FLIR imaging was in high demand for all weapons system platforms, which spurred a proliferation of designs and prototypes for multiple platforms. To satisfy this demand, a group of experts from Night Vision designed a Universal Viewer for Far Infrared in 1973 that led to the family of Common Modules fielded by thousands across multiple platforms. The Common Module-based FLIR systems were less expensive to purchase and produce than previous designs.

Laser Research

In 1978, the Optical Radiation Technical Area, a group of laser scientists and engineers moved from Fort Monmouth, NJ to the Night Vision Laboratory in Fort Belvoir, VA. At Fort Belvoir, they designed and fabricated some of the first monolithic linear laser diode arrays for operation at room temperature for high peak power laser illuminators. They developed a complete pulsed laser system that operated at 500 watts per pulse at 15 KHz. This compact laser imaged targets up to 3 km away.

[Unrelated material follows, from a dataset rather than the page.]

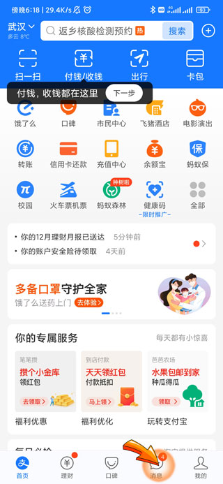 1、支付宝添加好友需要打开支付宝APP,点击页面下方的“消息”图标。
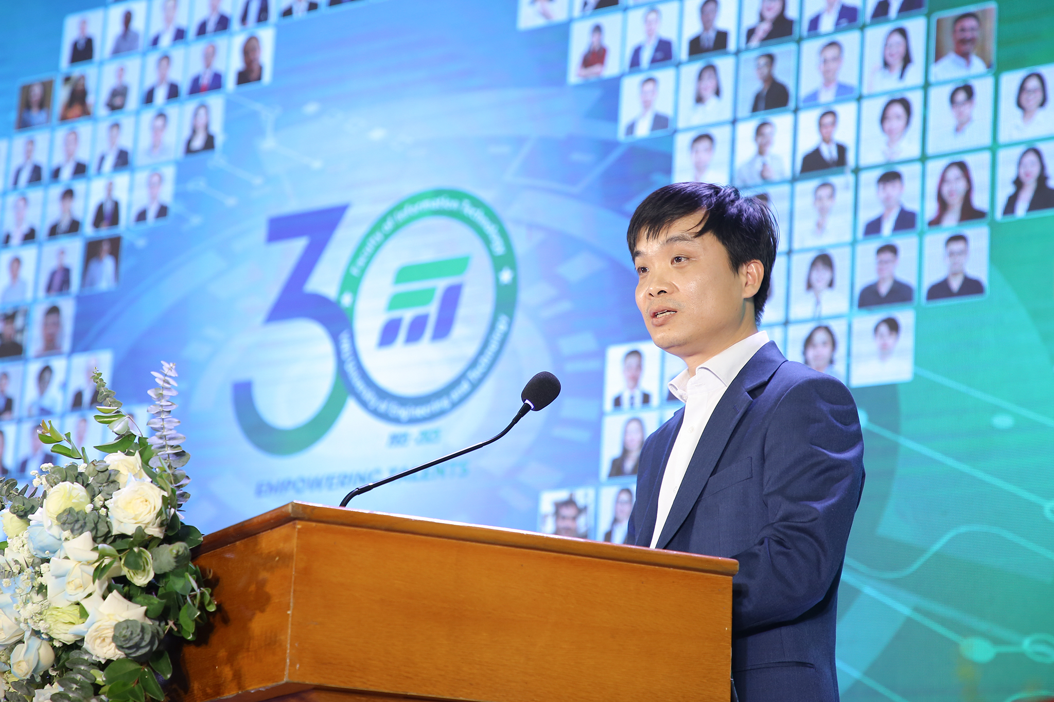 Phát biểu tại buổi lễ, Phó Giám đốc ĐHQGHN Phạm Bảo Sơn gửi lời chúc mừng và tri ân tới các thế hệ thầy cô, cán bộ, sinh viên và cựu sinh viên của Khoa CNTT. Ông khẳng định, 30 năm là chặng đường đủ dài để Khoa khẳng định vị thế của một trung tâm đào tạo và nghiên cứu hàng đầu về CNTT của Việt Nam.

Night Vision’s laser efforts expanded to include solid state laser R&D, gas lasers, laser radar, chemical detection, lager rangefinder systems, light aiming systems, and laser designator systems. Later, the laser team began working on diode pumped lasers for Army applications. Considerable effort was devoted to tunable lasers for optical countermeasures using various solid state laser materials and nonlinear frequency conversion techniques.

Night vision accomplishments in the 1970's include:

1971 - Handheld Thermal Viewer; FLIR Production; PRS-7 Handheld Non-Metallic Mine Detector
1975 - PVS-4 Individual Weapon Sight; Night Vision Thermal Model Publication
1976 - Common Module FLIR Production
1977 - PVS-5 Night Vision Goggles

The 1980s

Jeep visible with FLIR
Jeep visible with FLIR

In the 1980s Night Vision began improving its Image Intensification systems. The third generation of night vision based on image intensification technology, composed of the AN/AVS-6 Aviators Night Vision Imaging System (ANVIS) and the AN/PVS-7 Night Vision Goggles, was fielded.

In 1980, NVESD developed the AN/GVS-5 Laser Infrared Observation Set, which significantly increased the probability of hitting stationary or airborne targets with the first round fired. Fielded in 1988, the AN/AAS-32 Airborne Laser Tracker greatly improved the offensive capability of Army helicopters.

Night Vision also developed Generation II FLIR by improving its thermal imaging technology. Improved sensor resolution and sensitivity coupled with reduced exposure time through signal processing for aided target detection and recognition led to Generation II FLIR with greater stand-off range.

Also in the 1980s, Night Vision pioneered the revolution in aided target recognition. While U.S. forces now had the ability to see in the dark, improvements were still necessary to help soldiers distinguish between friend and enemy. By uniting with private industry scientists, Night Vision helped develop algorithms that were more effective at detecting targets and minimized false alarm confusion.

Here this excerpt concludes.